(Brief): With the pictures removed, please write out every line below exactly as given.

(Given information):

┌────────

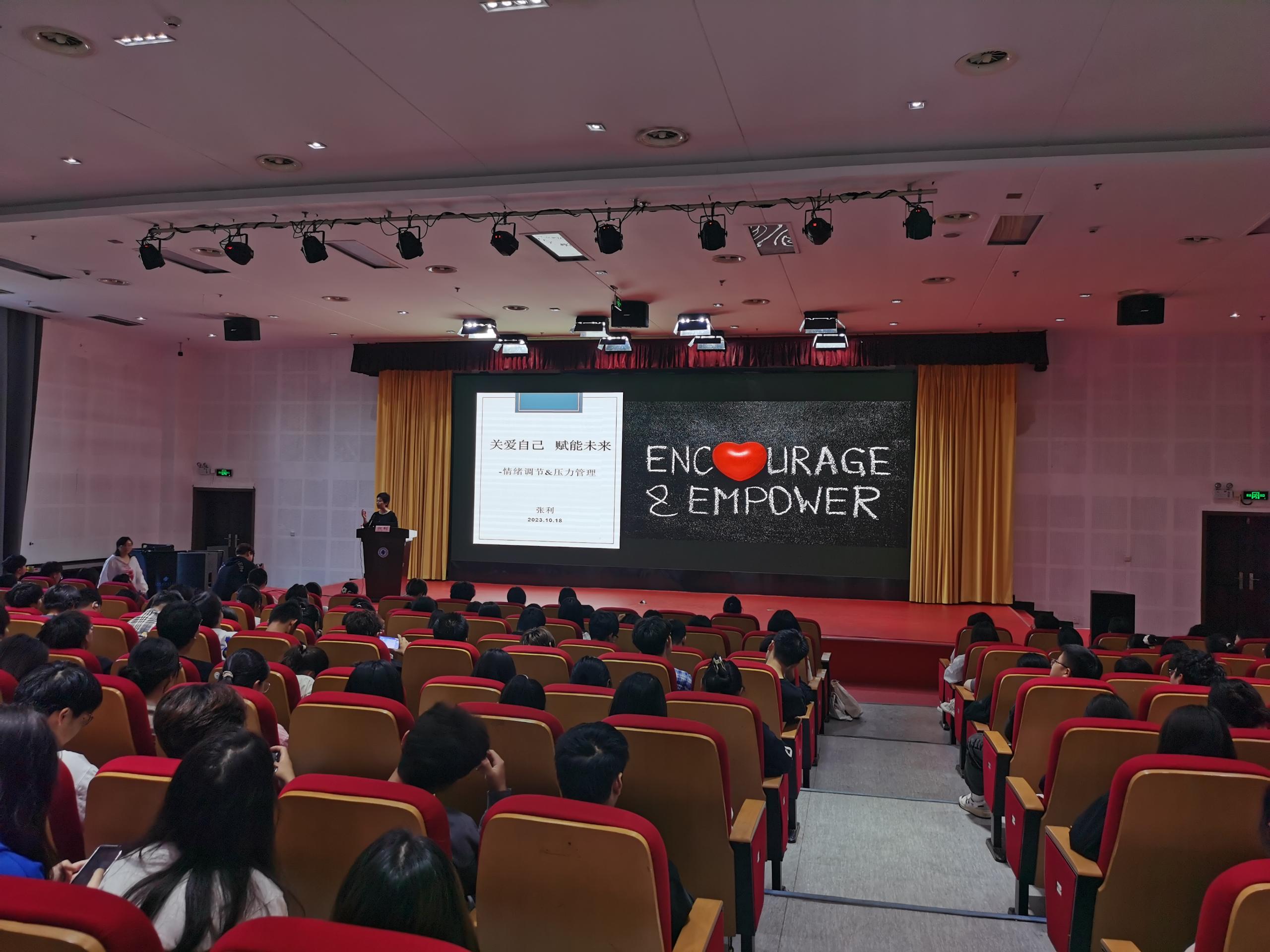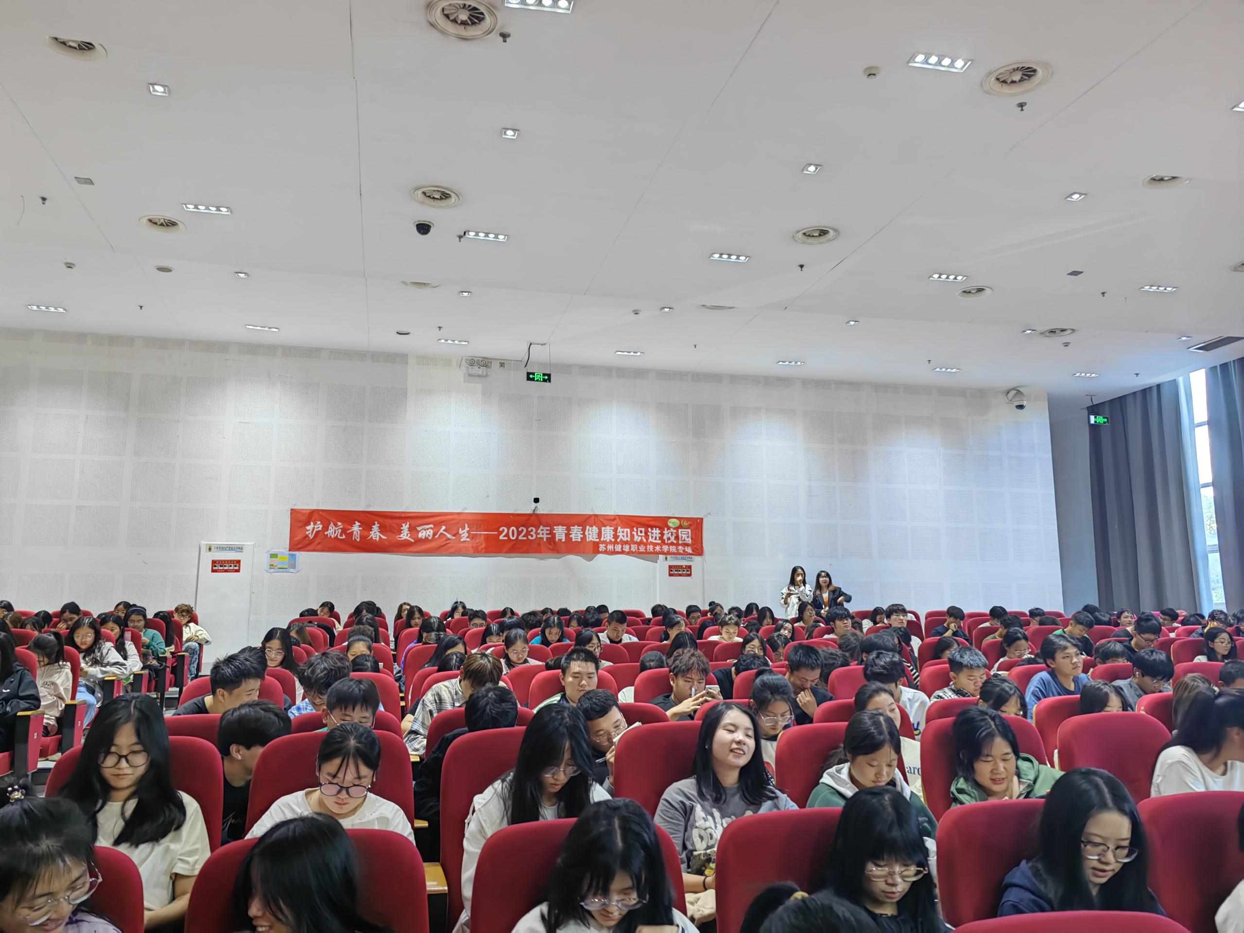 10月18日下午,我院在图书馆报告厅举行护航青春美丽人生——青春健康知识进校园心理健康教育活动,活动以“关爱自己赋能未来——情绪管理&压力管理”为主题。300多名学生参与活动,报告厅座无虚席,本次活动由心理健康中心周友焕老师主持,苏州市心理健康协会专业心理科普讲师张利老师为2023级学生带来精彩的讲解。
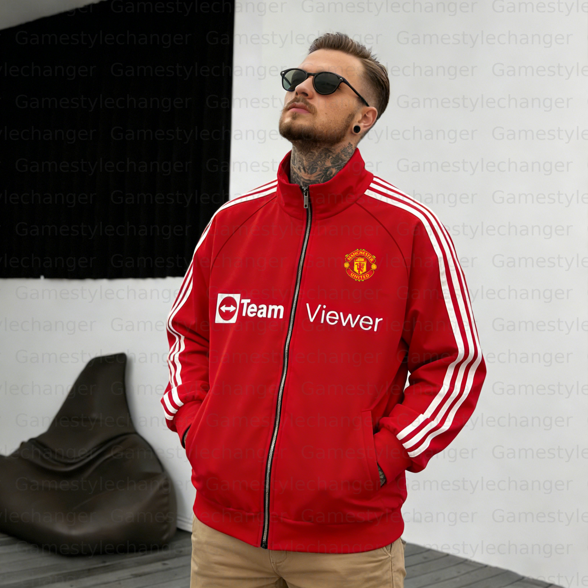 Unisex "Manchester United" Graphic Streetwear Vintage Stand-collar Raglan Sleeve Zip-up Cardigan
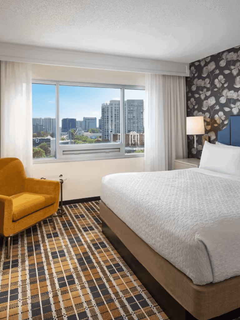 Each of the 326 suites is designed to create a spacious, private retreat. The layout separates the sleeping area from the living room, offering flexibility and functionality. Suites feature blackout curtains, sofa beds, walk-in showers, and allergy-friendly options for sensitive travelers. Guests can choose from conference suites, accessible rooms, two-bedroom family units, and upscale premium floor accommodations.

└────────

(Solution to this problem):
 10月18日下午,我院在图书馆报告厅举行护航青春美丽人生——青春健康知识进校园心理健康教育活动,活动以“关爱自己赋能未来——情绪管理&压力管理”为主题。300多名学生参与活动,报告厅座无虚席,本次活动由心理健康中心周友焕老师主持,苏州市心理健康协会专业心理科普讲师张利老师为2023级学生带来精彩的讲解。
 Unisex "Manchester United" Graphic Streetwear Vintage Stand-collar Raglan Sleeve Zip-up Cardigan
 Each of the 326 suites is designed to create a spacious, private retreat. The layout separates the sleeping area from the living room, offering flexibility and functionality. Suites feature blackout curtains, sofa beds, walk-in showers, and allergy-friendly options for sensitive travelers. Guests can choose from conference suites, accessible rooms, two-bedroom family units, and upscale premium floor accommodations.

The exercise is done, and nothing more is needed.